Shem Unger, Ph.D., is an assistant professor of Biology at Wingate University, Wingate, United States. He completed a postdoctoral research position at the Savannah River Ecology Laboratory in Aiken, South Carolina, United States.

Simone Kurz

Simone Kurz, Ph.D., is the program manager Life Sciences at the Austrian Research Promotion Agency, Vienna, Austria. She completed a Postdoctoral Fellow position at the Complex Carbohydrate Research Center at the University of Georgia, Athens, United States.

Katelyn Rosenbalm

Katelyn Rosenbalm is a Ph.D candidate at the Complex Carbohydrate Research Center at the University of Georgia, Athens, United States. She studies the role of glycosylation in neuroinflammation in Alzheimer’s using mass spectrometry-based analytical methods.

William Matthew Wright

William Matthew Wright is an MS1 at the Mercer University School of Medicine, Macon, United States.
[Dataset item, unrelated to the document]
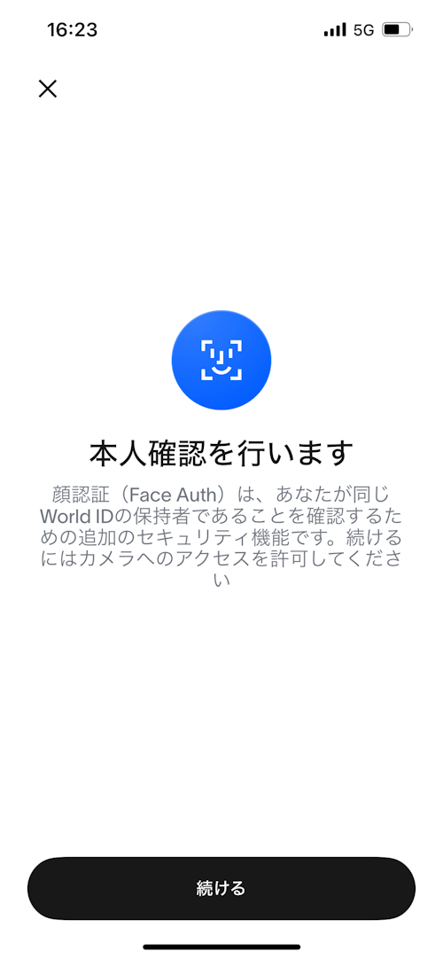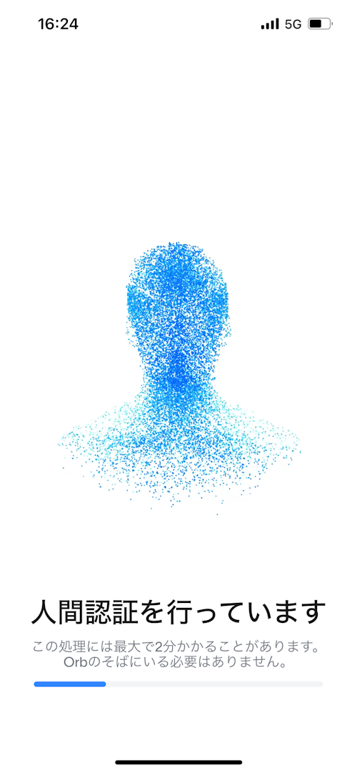 World Appを開いて、QRコードをOrbに見せると、人間認証が始まりました!👇

He served as an Undergraduate Research Assistant at the Complex Carbohydrate Research Center, at the University of Georgia, Athens, United States.

Olin E. Rhodes

Olin E. Rhodes Jr., Ph.D., is the Director of the University of Georgia’s Savannah River Ecology Laboratory and a Georgia Athletic Association Professor of Applied Ecology in the Odum School of Ecology at the University of Georgia, Athens, United States.

Michael Tiemeyer

Michael Tiemeyer, Ph.D., is a distinguished research professor in the Biochemistry department at the University of Georgia and Co-director of the complex carbohydrate research center, Athens, United States. Currently focusing efforts to help in the COVID-19 research.

Carl W. Bergmann

Carl W. Bergmann, Ph.D., is the Associate Vice President for Research at University of Georgia, where he is responsible for UGA Core Research Laboratories and Research Facilities, and an Associate Director of the Complex Carbohydrate Research Center at the University of Georgia, Athens, United States.